Already battle lines have been drawn, with particular attention being paid to the fact that Ashcroft opposed President Clinton's nomination of Judge Ronnie White -- the first black member of the Missouri Supreme Court -- for a federal judgeship last year.
Now it's payback time. Along the way, the Democrats hope to keep blacks sucking on this bitter pill of racism. As the liberals learned long ago, playing the race card pulls black voters out to the voting booths. Presently, they're keeping the wounds open by turning Ashcroft into a white Justice Clarence Thomas.
Recent salvos all pretty much tell the same story. Each does a quick denouncement of Ashcroft's conservative views, then savages the senator for blocking White's nomination, concluding by implying, at best, that Ashcroft's staunchly conservative positions will interfere with his ability to enforce laws. At worst, they suggest that he is a racist.
For example, a recent New York Times commentary by Bob Herbert claims that "[Ashcroft had] no legitimate reason to oppose Justice White's confirmation by the Senate." Herbert then implies that the decision was racially motivated.
In fact, concern over White's criminal record was pervasive enough to warrant opposition from his home state senators, the National Sheriffs Association and the Missouri law enforcement community. For obvious reasons, Herbert failed to mention any of these rousing points. Nor, for that matter, have the high priests of blackness mentioned that as governor of Missouri, Ashcroft appointed the first black judge to the Kansas City State Court of Appeals.
Such omissions reflect the not-so-subtle ways that Democrats manipulate racial fears in this country. Like popcorn to pigeons, the Democrats are readying themselves to toss out charges of racism as a means of getting back at Ashcroft for opposing them. In doing so, they trivialize the very issue they claim to defend.
Even more hackneyed are the criticisms that some extreme feminist groups are launching against Ashcroft. Clearly, his opposition to abortion has the feminists on the defensive. Ashcroft is "a real danger to women's rights," snarled feminist Kate Michelman. The gist other criticism, near as I can figure, is, by God, he don't believe in murdering fetuses.
In short, the feminists are pumping their fists at Ashcroft's nomination because he ascribes to a different core value system and maintains different social circles then they do. In their egotism, they quiver at the notion of a social conservative presiding so close to the law that binds them.
None of which, incidentally, has anything to do with Ashcroft's duties as attorney general.
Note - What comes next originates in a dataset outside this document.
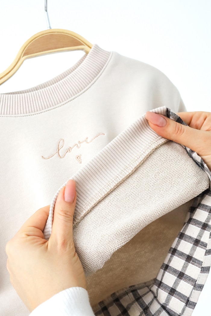 - Триниточный трикотаж с петлей: 70% хлопок, 30% полиэстер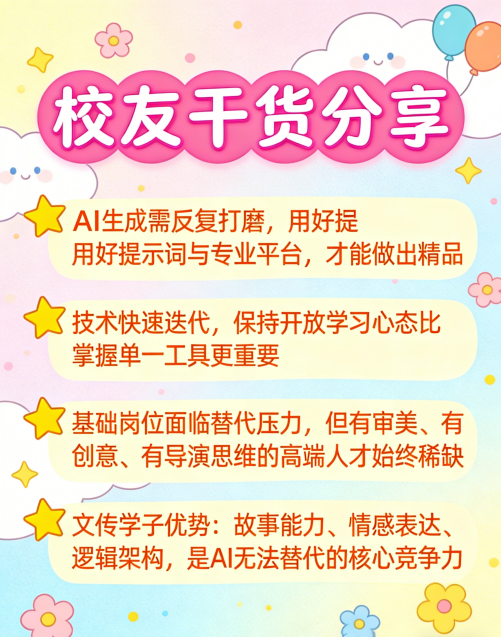 AI 可以生成文字,但替代不了我们对故事逻辑、情感共鸣、人物塑造的把控。作为文传人,我更明确要把文本创作优势与 AI 工具结合,在剧本与内容创作中找到自己的位置。

As Ashcroft has plainly stated in his own writings, the law is not a philosophy and the attorney general is not a social engineer. Just because Ashcroft is a conservative, that is no reason to believe he will remake the law in his own image.
Get it? Ashcroft's opponents are on the warpath not because he is a threat to our civil liberties (he is not), but because he is a different sort of person than they are.
Amid the corruption and privilege that characterized the Clinton/Reno Justice Department, this might not be such a bad thing.
Armstrong Williams writes for Tribune Media Services.